**Exercise requirements**
Beginning with the line that holds "向井というゴツい客に歓迎の挨", output every remaining line of the material below exactly, and include none of the pictures.

**Dataset content**
┄┄┄┄┄┄┄┄┄┄
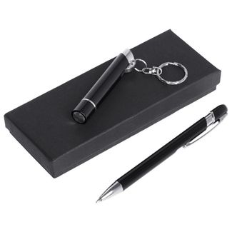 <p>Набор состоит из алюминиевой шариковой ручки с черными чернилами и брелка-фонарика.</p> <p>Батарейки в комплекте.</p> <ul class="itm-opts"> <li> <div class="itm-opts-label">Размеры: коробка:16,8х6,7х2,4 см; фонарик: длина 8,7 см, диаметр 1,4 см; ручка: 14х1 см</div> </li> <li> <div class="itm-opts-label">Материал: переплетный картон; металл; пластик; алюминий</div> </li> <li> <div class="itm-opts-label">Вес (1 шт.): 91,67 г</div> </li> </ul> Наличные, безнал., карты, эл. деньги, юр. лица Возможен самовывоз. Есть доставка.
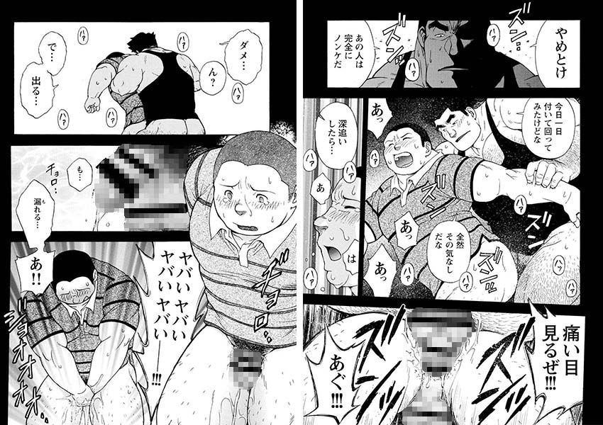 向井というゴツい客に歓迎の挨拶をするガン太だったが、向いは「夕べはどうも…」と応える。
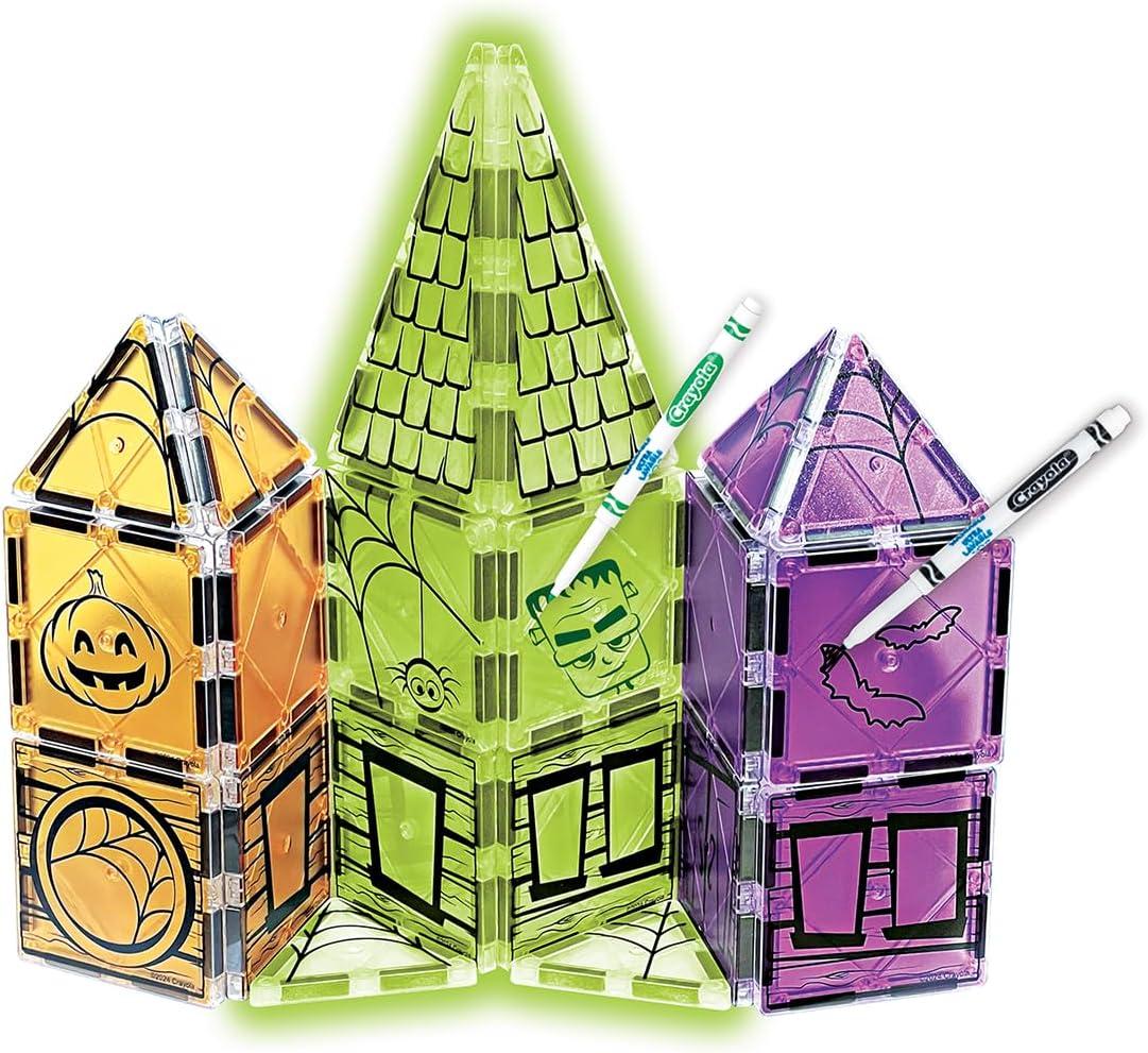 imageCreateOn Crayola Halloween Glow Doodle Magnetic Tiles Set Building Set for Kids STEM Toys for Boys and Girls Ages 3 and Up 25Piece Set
┄┄┄┄┄┄┄┄┄┄
**Written answer**
 向井というゴツい客に歓迎の挨拶をするガン太だったが、向いは「夕べはどうも…」と応える。
 imageCreateOn Crayola Halloween Glow Doodle Magnetic Tiles Set Building Set for Kids STEM Toys for Boys and Girls Ages 3 and Up 25Piece Set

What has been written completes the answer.